In each test the routine was used to sort a string of either 1000 or 500000 nucleotides, repeated sufficiently often for timings to be made using the second hand of a watch. Both tests were performed on my Dell laptop. The Perl was activePerl 5.10 and was executed from the command line. The C++ was compiled using the Visual C++ 2005 compiler in Release mode.

Results

	Sequence length	Perl	C++	Improvement
Original Algorithm	1000	26s	170ms	150
Improved algorithm	1000	4ms	0.4ms	10
	500000	70s	55s	1.3
Further improved algorithm	1000	3.2ms	0.2ms	16
	500000	3.8s	0.1s	38

Appendix: Source code

Original Perl code

sub perm {
my @a = split('',shift);
@i = (0..$#a);
my (@r, %i);
@i{@i} = @i;
map {
push @r, delete $i{ int($_*rand())};
@i{(0..scalar(values %i)-1)} = sort {$a<=>$b} values %i;
} reverse @i;
return join('',@a[@r]);
}

'IMPROVED' PERL CODE

sub perm2 {
my @a = split('',shift);
my @i = (0..$#a);
my @j = @i;
my @r;
map {
push @r, splice(@i, rand($_+1),1);
} reverse @j;
return join('',@a[@r]);
}

'FURTHER IMPROVED' PERL CODE

sub perm3 {
my @a = split('',shift);
my @i = (0..$#a);
my @r;
for ($j = $#a; $j >= 0; $j--){
my $entry = rand($j+1);
push @r, $i[$entry];
$i[$entry]=$i[$j];
};
return join('',@a[@r]);
}

C++ equivalent of original PERL

I have rewritten this in C++, keeping as close as possible to the original algorithm in order that this is a fair comparison. I have not created methods or subroutines to match many of the bundled functions provided by C++, so there is quite a lot of longwinded code to reproduce some short sections of Perl.

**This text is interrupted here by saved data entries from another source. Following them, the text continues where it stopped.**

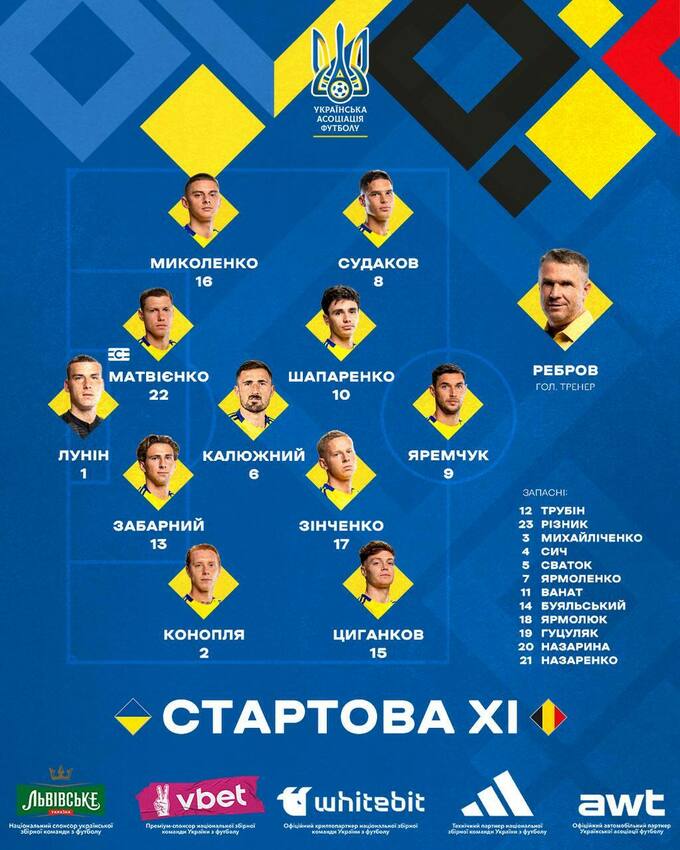 Наставник сборной Украины Сергей Ребров на первый матч плей-офф Лиги наций против Бельгии основным вратарем выбрал Андрея Лунина.
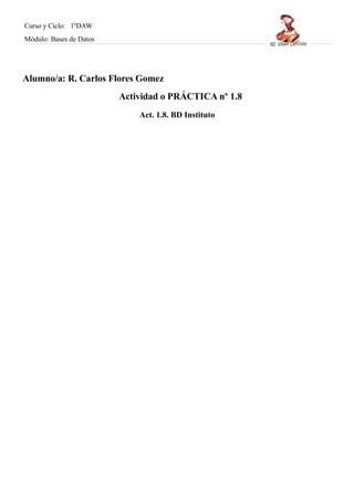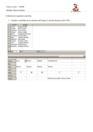 El documento describe una práctica de bases de datos que incluye realizar consultas a una base de datos de un instituto y generar informes y formularios. Se piden siete consultas diferentes sobre alumnos, profesores, equipos deportivos y actividades. También se solicita crear dos formularios sobre tablas seleccionadas y dos informes, uno sobre una tabla y otro sobre una consulta.
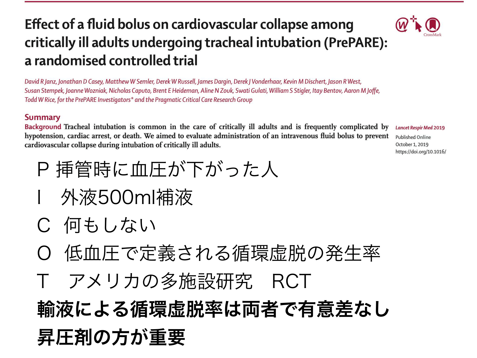 #20. P 挿管時に血圧が下がった人 I 外液500ml補液 C 何もしない O 低血圧で定義される循環虚脱の発生率 T アメリカの多施設研究 RCT 輸液による循環虚脱率は両者で有意差なし 昇圧剤の方が重要
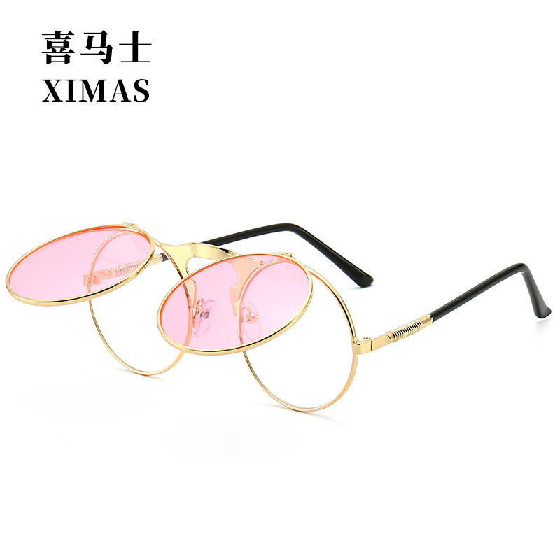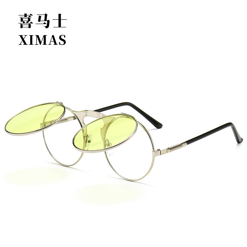 새로운 빈티지 메탈 펑크 스팀 플립 선글라스 플립 선글라스 남성과 여성 맞춤형 선글라스 3057스토어 가기

std::string perm(std::string seq)
{
nbsp; int size = seq.size();
// my @i = (0..$#a);
intvec i(size);
for (int j = 0;j < size;j++)
i[j] = j;
// my (@r, %i);
// imap used instead of %i as C++ does not allow two
// identically named variables.
intvec r;
intmap imap;
// @i {@i} = @i;
for (int j = 0;j < size;j++)
imap[j] = j;
// map {} reverse @i;
// map simply iterates through a set of values
for (int j = size-1;j >=0; j--)
{
// int($_*rand())
int entry = (j * rand())/RAND_MAX;
int v = imap[entry];
//delete $i {...}
imap.erase(entry);
// push @r ...
r.push_back(v);
// values %i
// This returns a vector of values
// which we do explicitly in C++
intvec y(0);
for (intmap::const_iterator im = imap.begin(); im != imap.end();im++)
y.push_back((*im).second);
// sort {$a<=>$b}
sort(y.begin(),y.end());
//@i {(0..scalar(values %i)-1)}
//Place the sorted values into the original array
for (int j = 0;j < imap.size()-1; j++)
imap[j] = y[j];
}

//Use the randomised vector to reorder the string
std::string res;
for (int j = 0;j < r.size();j++)
res.push_back(seq[r[j]]);
return res;
}

The equivalent C++ for the improved algorithm is very similar, and uses the 'erase' method to remove entries in the vector.